Kasu Brahmananda Reddy (28 July 1909 – 20 May 1994) was the Chief Minister of United Andhra Pradesh, India, from 29 February 1964 to 30 September 1971. On 3 June 1977, he was elected president of the Indian National Congress.

Early life
Kasu Brahmananda Reddy was born in Tubadu in Guntur District, British India(now in Andhra Pradesh, India). His early education took place in Guntur and he graduated from Madras Presidency College. He also studied in Kerala. He practised law and was a very successful advocate.

Career
Reddy is credited with creating the Industrial infrastructure in and around Hyderabad. He was Second Congress Leader to expel Indira Gandhi from Indian National Congress. During his long regime of seven years (longest for any Congress chief minister in the state of Andhra Pradesh), many major industries like BHEL, HMT, IDPL, Hindustan Cables and several defence establishments like MIDHANI, Bharath Dynamics were established. During his tenure as the Chief Minister, Jalagam Vengal Rao, the Home Minister was instrumental in suppressing the Naxal movement in the north coastal Andhra Pradesh.

Reddy also held key positions such as Telecommunications Minister, Home Minister of India (1974–1977) and Governor of Maharashtra (20 February 1988 to 18 January 1990).

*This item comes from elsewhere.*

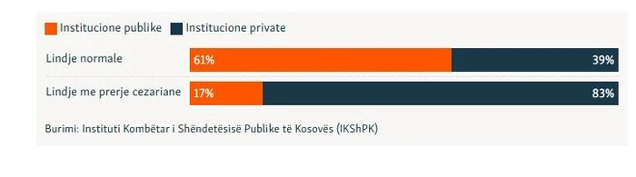 Por, sipas të dhënave të Institutit Kombëtar të Shëndetësisë Publike të Kosovës, ky trend nuk është i njëjtë në të gjitha institucionet: në vitin 2024, spitalet private dominuan për nga numri i lindjeve me prerje cezariane.

He was also only one of two elected All India Congress Committee Presidents, all others having been nominated.

Reddy spared no effort to keep AP united, even in the face of the 1969 Telangana Agitation. It is said that over 9 months of the movement, about 370 youngsters and students were killed in police firings and that more than 70,000 people were arrested of which 7,000 were women and that people were lathi-charged 3,266 times, and about 20,000 people were injured in the lathi charge, and 1,840 people had received bullet injuries and fractures, tear gas was supposedly used 1,870 times. It is alleged that all of this was suppressed by the then Kasu Brahmananda Reddy government by using brute force.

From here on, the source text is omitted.